I'll tell you why. Because such utter lack of concern for that piece of gum tells me that she doesn't think anything of what she uses, what she throws away, what is important. It tells me her parents, her school, etc aren't really impressing anything onto her impressionable mind about what manners are and what littering is. The way in which she did it told me she chews gum a lot and this isn't the first time she has flung it heedlessly to the ground for someone to step in. It reminds me that millions of people everywhere every day fling their gum to the Earth without a care. And THAT leads me to realize that it doesn't end with tiny little innocent pieces of gum. No. It STARTS with tiny little innocent pieces of gum. And, because if these kids don't care, these ones that we are working to save from all our bad practices, if they don't care, then why do I bother???

So yeah.
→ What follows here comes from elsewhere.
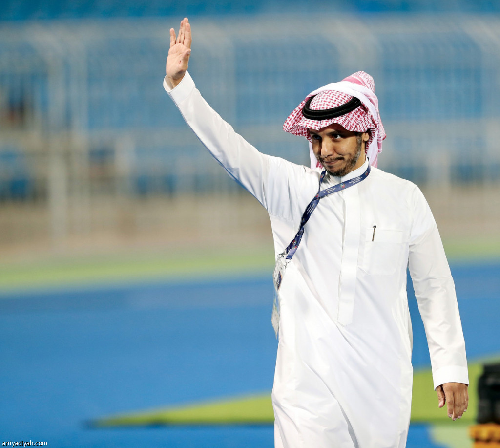 توجه صفوان السويكت رئيس نادي النصر إلى الجماهير بعد نهاية مباراة أبها للاحتفال بالفوز الكبير 4ـ0.. وفي الصورة التي التقطت السويكت يحيي النصراويين في مدرجات ملعب الأمير فيصل بن فهد في الملز تصوير: عبد العزيز النومان

It may have been the tiniest littlest thing and it really shouldn't have bugged me so much, but welcome to my head. Sometimes when you keep telling yourself, don't sweat the petty stuff just pet the sweaty stuff, you keep trying and trying... and then the little things, the petty things, sneak on in and just blow the lid off the carefully contained vat of angst/rage/fear/disgust/hopelessness mixture that was only barely controlled anyway....

I think it's time we started sweating the petty stuff. I believe we have ignored it for too long, and now all the little things have landed us in a real big mess.